= YOUR OBJECTIVE =
Print the whole listing below exactly as given, pictures excluded.

= RECORDS SHOWN =
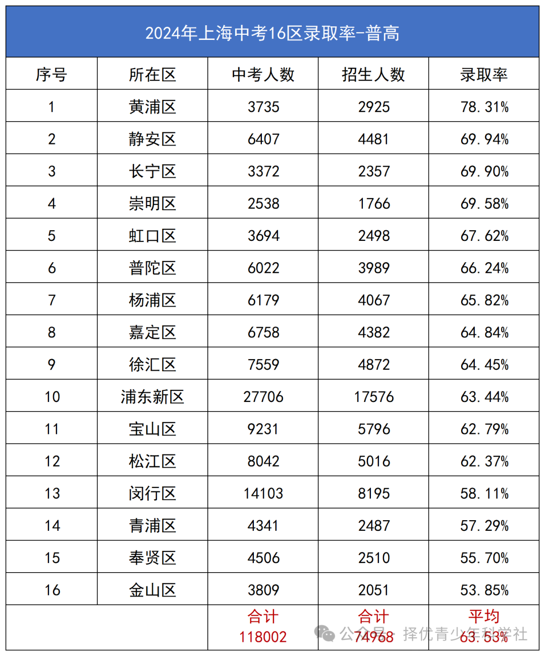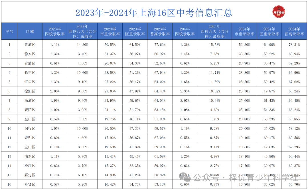 上海16区普高(及以上)录取率排名前三的是:黄浦,静安,长宁。而录取率最低的倒数三位是:青浦,奉贤,金山
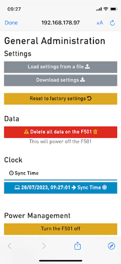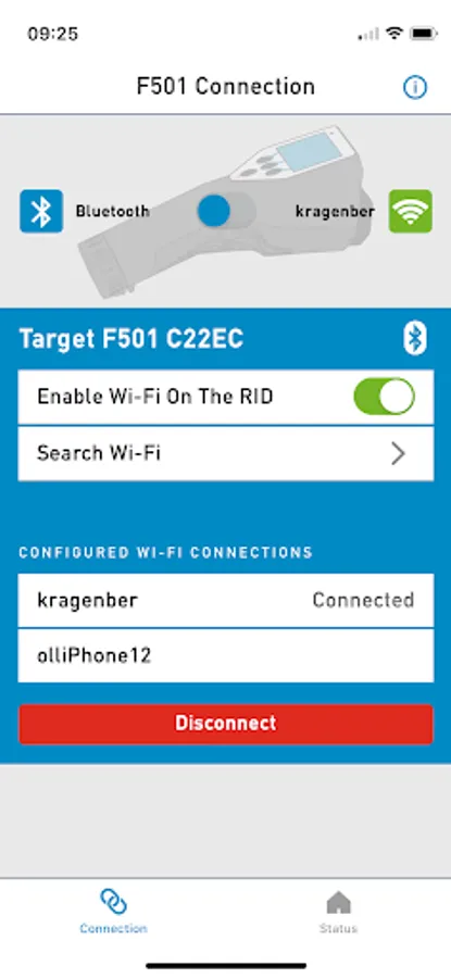 RIDcontrol™ initially connects to a RID via Bluetooth. This Bluetooth connection is used exclusively to connect the RID to the local network or the Wi-Fi hotspot provided by the cell phone. If this connection is established, RIDcontrol™ connects to the RID via this local network. Now pages provided by the internal web server of the RID are displayed in the app. These are special versions of pages that can also be reached via the web interface of the RID.
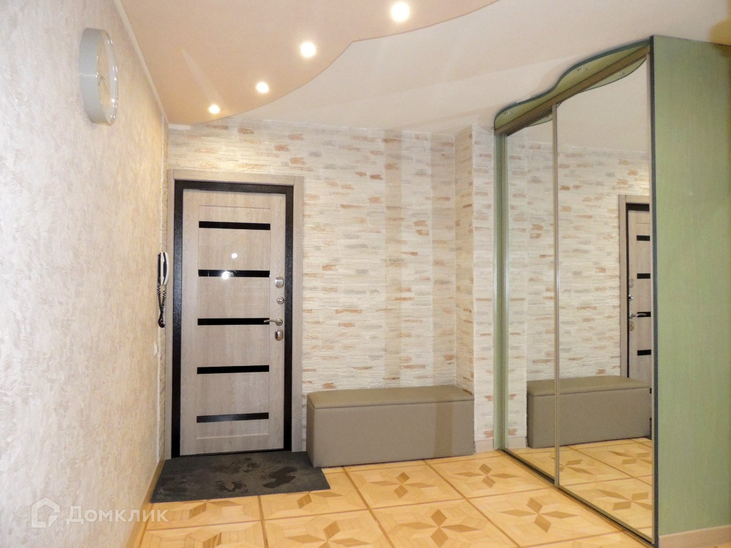 В квартире сделан свежий ремонт (в 2022 году) Поменяны все двери, в том числе входная. Пол кухни плитка-керамогранит, в коридоре и спальне натуральный паркет, гостиная-ламинат.
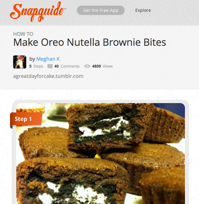 The author says there are no SnapGuide contributions showing up highly in Google search results so I searched for the example guide used in this post “oreo nutella brownie bites” and low and behold it was #1! Lol. They launched 2 weeks ago, not bad.
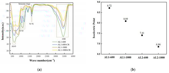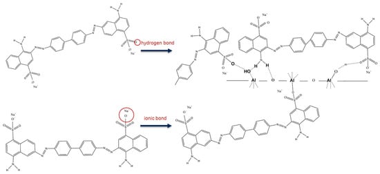 As depicted in Figure 9a, AL1-600-CR is denoted as AL1-600 after adsorption. AL1-600 and AL1-600-CR showed peaks at 1046 and 1160 cm−1, which are assigned to the stretching vibration of S=O and benzene rings, respectively [24]. The broad band centered at 1604 cm−1 refers to the stretching vibration of the N=N stretching of the azo group. Notably, the peak intensity corresponding to the hydroxyl group at approximately 3400 cm−1 in AL1-600 was markedly stronger than that observed in AL1-600-CR. Furthermore, the attenuation of stretching vibration peaks at approximately 600 and 800 cm−1 suggests the involvement of hydroxyl groups on Si-O and Al-O in the adsorption process. This trend was also observed for AL2-600 and AL2-1000. Additionally, as shown in Figure 9b, AL1-600 possessed the highest isoelectric point among all the samples. The isoelectric point of alumina is highly dependent on the surface hydroxyl groups [30]. A high isoelectric point indicates many hydroxyl groups, resulting in more active sites on the surface. When γ-Al2O3 is dissolved in water, it forms surface hydroxyl groups that promote the chemical interactions of CR to Al2O3 [31]. According to the test results and characterization analysis, the possible adsorption mechanism of the adsorbent for pollutants is shown in Figure 10.
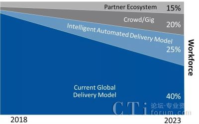 随着技术套利的出现,劳动力套利被快速取代,IT服务提供商将需要彻底改革其服务交付模式,以便通过智能自动化实现服务交付与全球交付、合作伙伴交付的均衡。
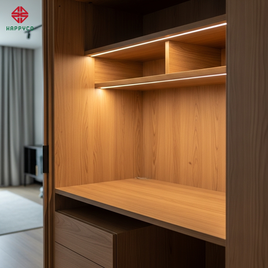 Tính bền vững: Việc sử dụng cốt ván HMR chống ẩm giúp các module di động này không bị biến dạng hay xệ cánh trong quá trình di chuyển thường xuyên. Đây là cách chúng tôi kéo dài tuổi thọ sản phẩm và giúp gia chủ không phải tốn tiền thay thế nội thất sau vài năm sử dụng.
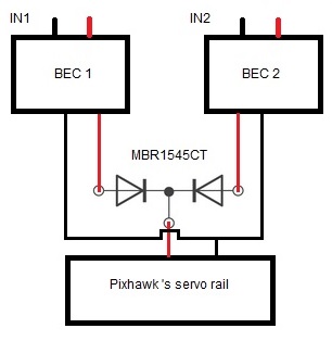 The block diagram below synthesizes an overview of Pixhawk’s power and ESC wiring. In this diagram, a 3DR power module (or equivalent device) powers Pixhawk through its power port (primary source). One power source is enough but obviously not redundant if the power module fails to power this primary source. Therefore the diagram adds a second backup power source via a 5V BEC that wires to Pixhawk’s output servo rail. If the primary source fails, Pixhawk will automatically switch to this second power source.
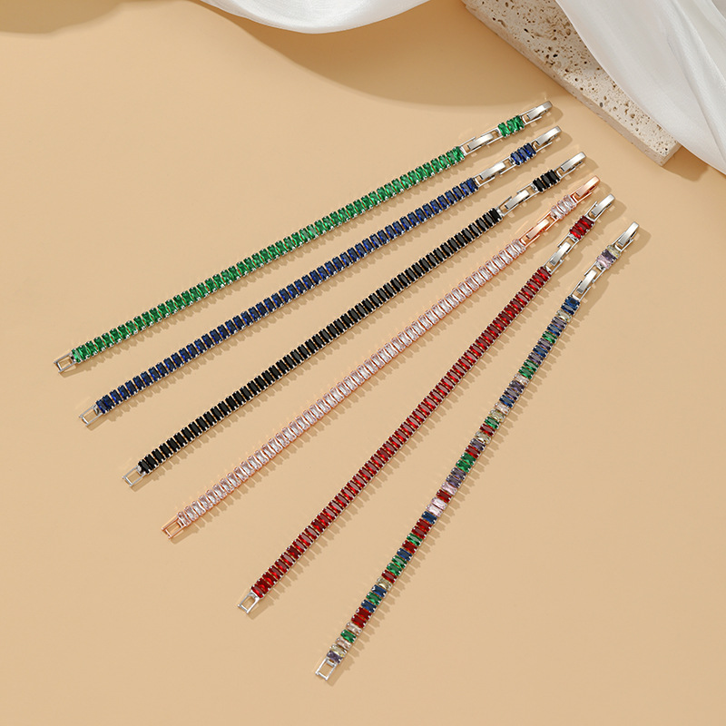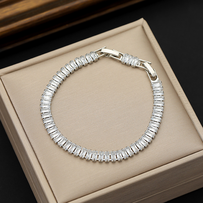 Rectangular Zircon Bracelet Extended Buckle Adjustable Length Tennis Chain
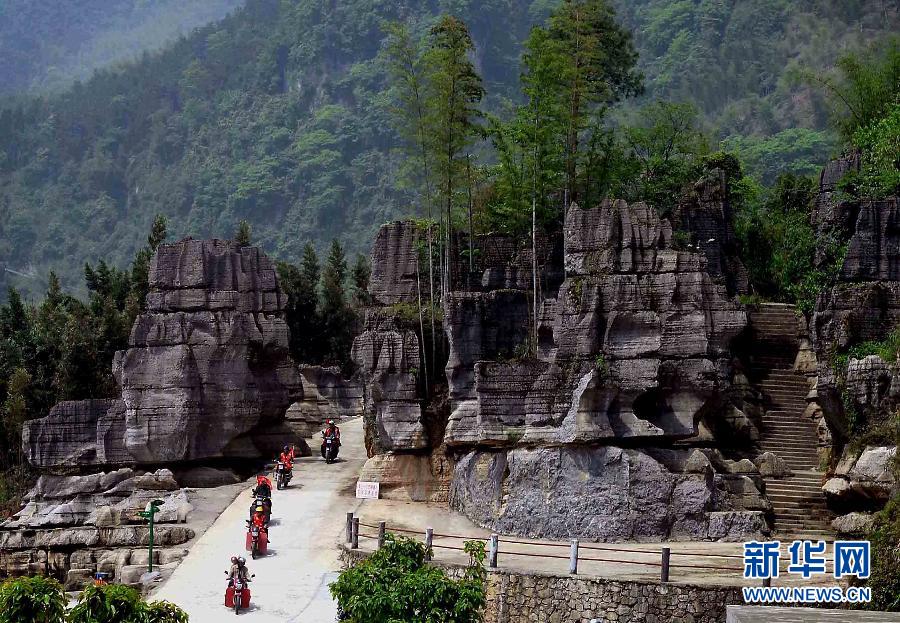 A group of motorcyclists ride in a bamboo and stone forest scenic area in Changning county, southwest China's Sichuan province, April 27, 2014. (Xinhua/Wang Song)
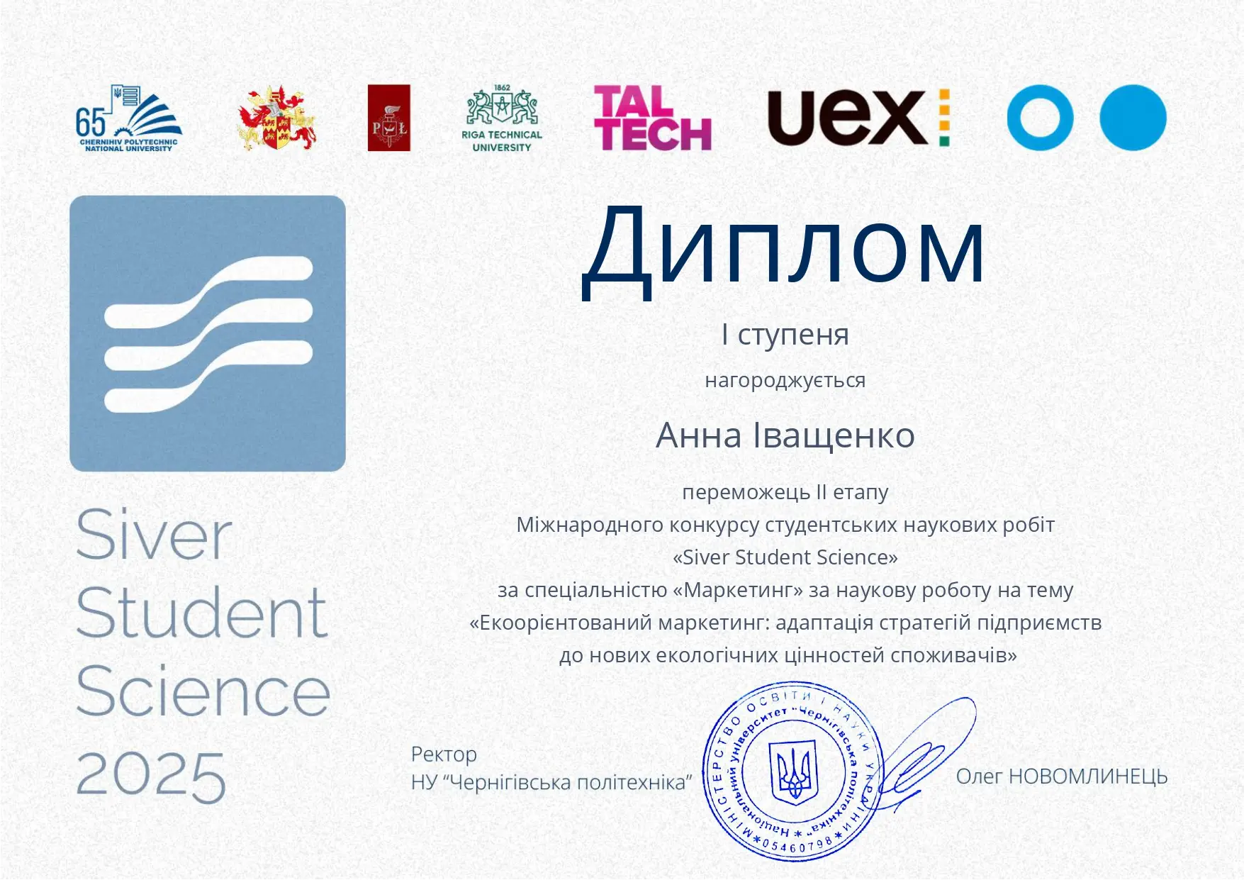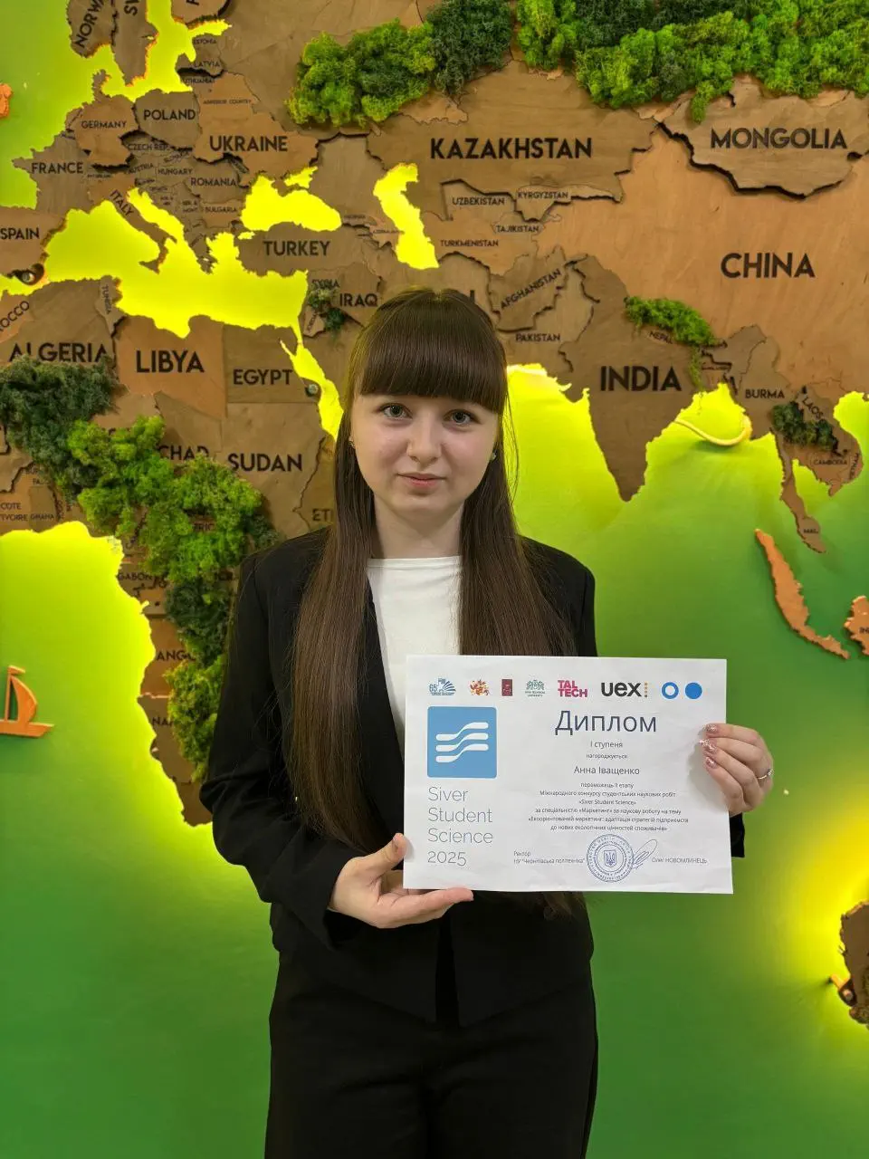 Студентка другого курсу Навчально-наукового інституту фінансів, економіки, управління та права Анна Іващенко здобула диплом переможця ІІ етапу Міжнародного конкурсу студентських наукових робіт «Siver Student Science» за спеціальністю «Маркетинг».
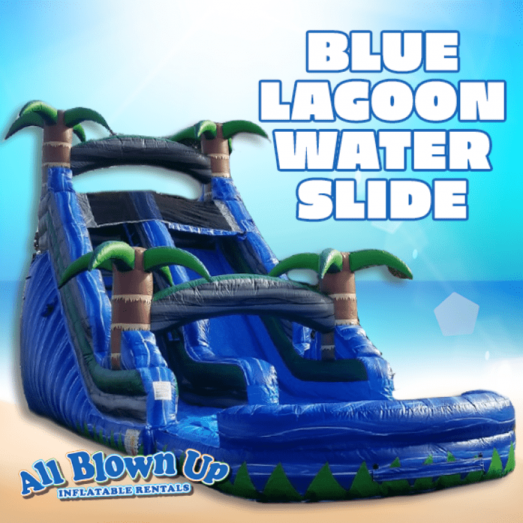 This Blue Lagoon Water Slide will bring a little bit of paradise to your next backyard party. The 18’ slide will make your guests have a slippery, sliding good time!
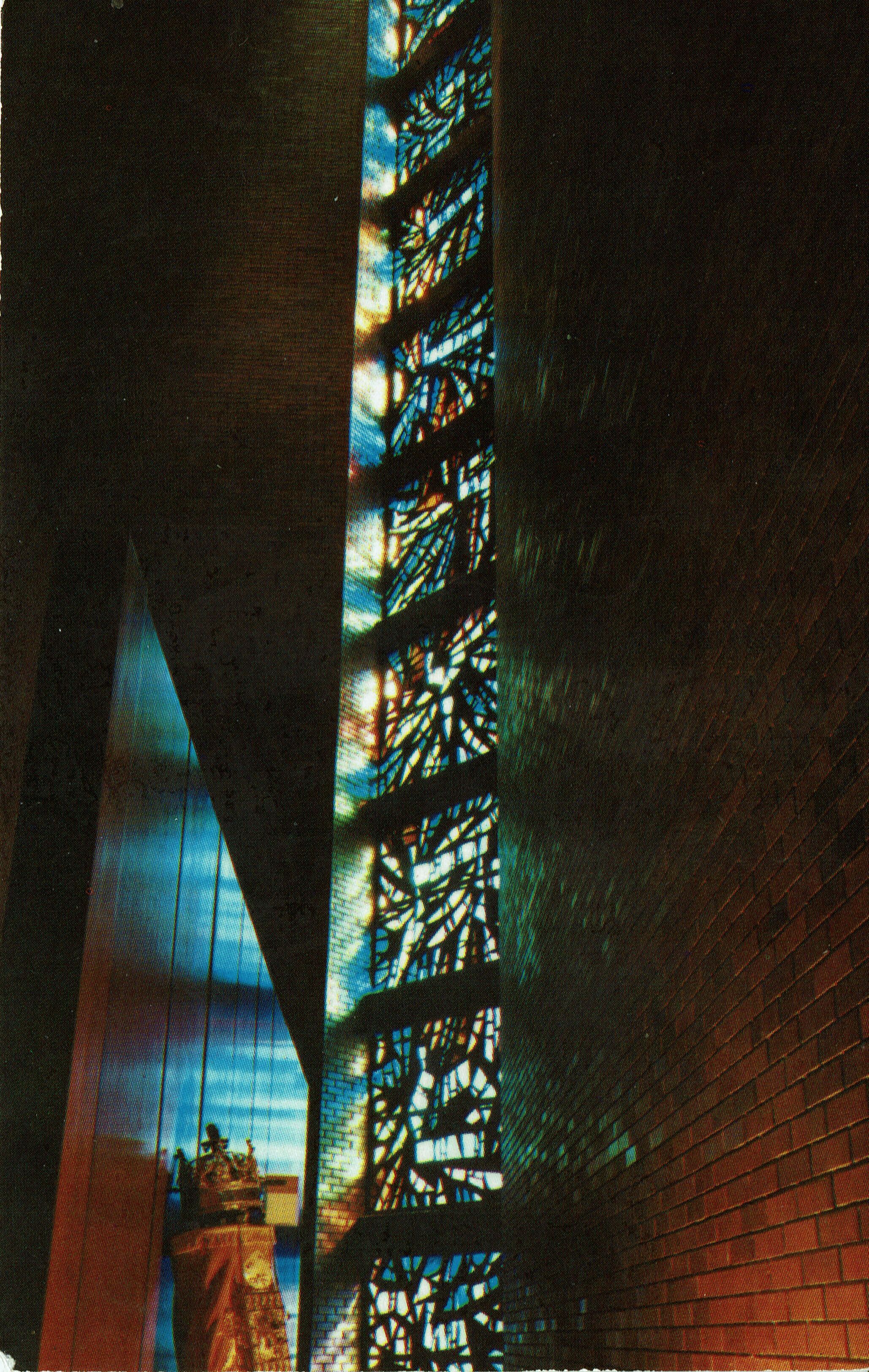 The Torah and the Great Window of the Sanctuary. The Stained glass window consists of 10 panels, each bearing one of the first 10 letters of the Hebrew alphabet, a symbol of the Ten Commandments.Collection
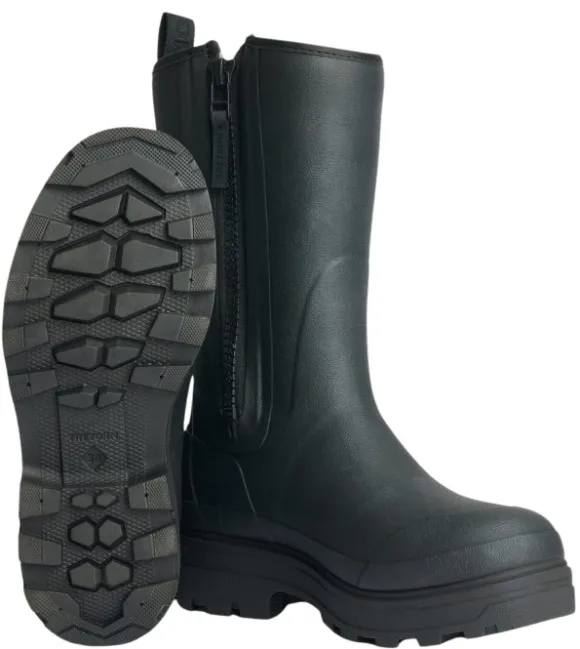 Kumisaapas on valmistettu käsin FSC®-sertifioidusta luonnonkumista ja siinä on vakaa ulkopohja, joka soveltuu hyvin maasto-olosuhteisiin. Käytännöllinen vetoketju sisäpuolella tekee saappaasta helpon pukea ja riisua, mikä tekee siitä mukavan valinnan monenlaisiin talviaktiviteetteihin.
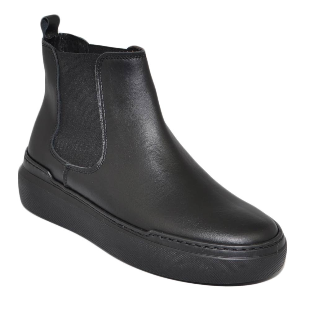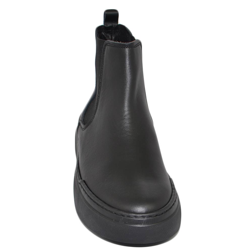 Beatles uomo stivaletto con elastico in vera pelle morbida nera suola gomma alta nera sportiva made in italy handmade

= ANSWER BOX =
 上海16区普高(及以上)录取率排名前三的是:黄浦,静安,长宁。而录取率最低的倒数三位是:青浦,奉贤,金山
 RIDcontrol™ initially connects to a RID via Bluetooth. This Bluetooth connection is used exclusively to connect the RID to the local network or the Wi-Fi hotspot provided by the cell phone. If this connection is established, RIDcontrol™ connects to the RID via this local network. Now pages provided by the internal web server of the RID are displayed in the app. These are special versions of pages that can also be reached via the web interface of the RID.
 В квартире сделан свежий ремонт (в 2022 году) Поменяны все двери, в том числе входная. Пол кухни плитка-керамогранит, в коридоре и спальне натуральный паркет, гостиная-ламинат.
 The author says there are no SnapGuide contributions showing up highly in Google search results so I searched for the example guide used in this post “oreo nutella brownie bites” and low and behold it was #1! Lol. They launched 2 weeks ago, not bad.
 As depicted in Figure 9a, AL1-600-CR is denoted as AL1-600 after adsorption. AL1-600 and AL1-600-CR showed peaks at 1046 and 1160 cm−1, which are assigned to the stretching vibration of S=O and benzene rings, respectively [24]. The broad band centered at 1604 cm−1 refers to the stretching vibration of the N=N stretching of the azo group. Notably, the peak intensity corresponding to the hydroxyl group at approximately 3400 cm−1 in AL1-600 was markedly stronger than that observed in AL1-600-CR. Furthermore, the attenuation of stretching vibration peaks at approximately 600 and 800 cm−1 suggests the involvement of hydroxyl groups on Si-O and Al-O in the adsorption process. This trend was also observed for AL2-600 and AL2-1000. Additionally, as shown in Figure 9b, AL1-600 possessed the highest isoelectric point among all the samples. The isoelectric point of alumina is highly dependent on the surface hydroxyl groups [30]. A high isoelectric point indicates many hydroxyl groups, resulting in more active sites on the surface. When γ-Al2O3 is dissolved in water, it forms surface hydroxyl groups that promote the chemical interactions of CR to Al2O3 [31]. According to the test results and characterization analysis, the possible adsorption mechanism of the adsorbent for pollutants is shown in Figure 10.
 随着技术套利的出现,劳动力套利被快速取代,IT服务提供商将需要彻底改革其服务交付模式,以便通过智能自动化实现服务交付与全球交付、合作伙伴交付的均衡。
 Tính bền vững: Việc sử dụng cốt ván HMR chống ẩm giúp các module di động này không bị biến dạng hay xệ cánh trong quá trình di chuyển thường xuyên. Đây là cách chúng tôi kéo dài tuổi thọ sản phẩm và giúp gia chủ không phải tốn tiền thay thế nội thất sau vài năm sử dụng.
 The block diagram below synthesizes an overview of Pixhawk’s power and ESC wiring. In this diagram, a 3DR power module (or equivalent device) powers Pixhawk through its power port (primary source). One power source is enough but obviously not redundant if the power module fails to power this primary source. Therefore the diagram adds a second backup power source via a 5V BEC that wires to Pixhawk’s output servo rail. If the primary source fails, Pixhawk will automatically switch to this second power source.
 Rectangular Zircon Bracelet Extended Buckle Adjustable Length Tennis Chain
 A group of motorcyclists ride in a bamboo and stone forest scenic area in Changning county, southwest China's Sichuan province, April 27, 2014. (Xinhua/Wang Song)
 Студентка другого курсу Навчально-наукового інституту фінансів, економіки, управління та права Анна Іващенко здобула диплом переможця ІІ етапу Міжнародного конкурсу студентських наукових робіт «Siver Student Science» за спеціальністю «Маркетинг».
 This Blue Lagoon Water Slide will bring a little bit of paradise to your next backyard party. The 18’ slide will make your guests have a slippery, sliding good time!
 The Torah and the Great Window of the Sanctuary. The Stained glass window consists of 10 panels, each bearing one of the first 10 letters of the Hebrew alphabet, a symbol of the Ten Commandments.Collection
 Kumisaapas on valmistettu käsin FSC®-sertifioidusta luonnonkumista ja siinä on vakaa ulkopohja, joka soveltuu hyvin maasto-olosuhteisiin. Käytännöllinen vetoketju sisäpuolella tekee saappaasta helpon pukea ja riisua, mikä tekee siitä mukavan valinnan monenlaisiin talviaktiviteetteihin.
 Beatles uomo stivaletto con elastico in vera pelle morbida nera suola gomma alta nera sportiva made in italy handmade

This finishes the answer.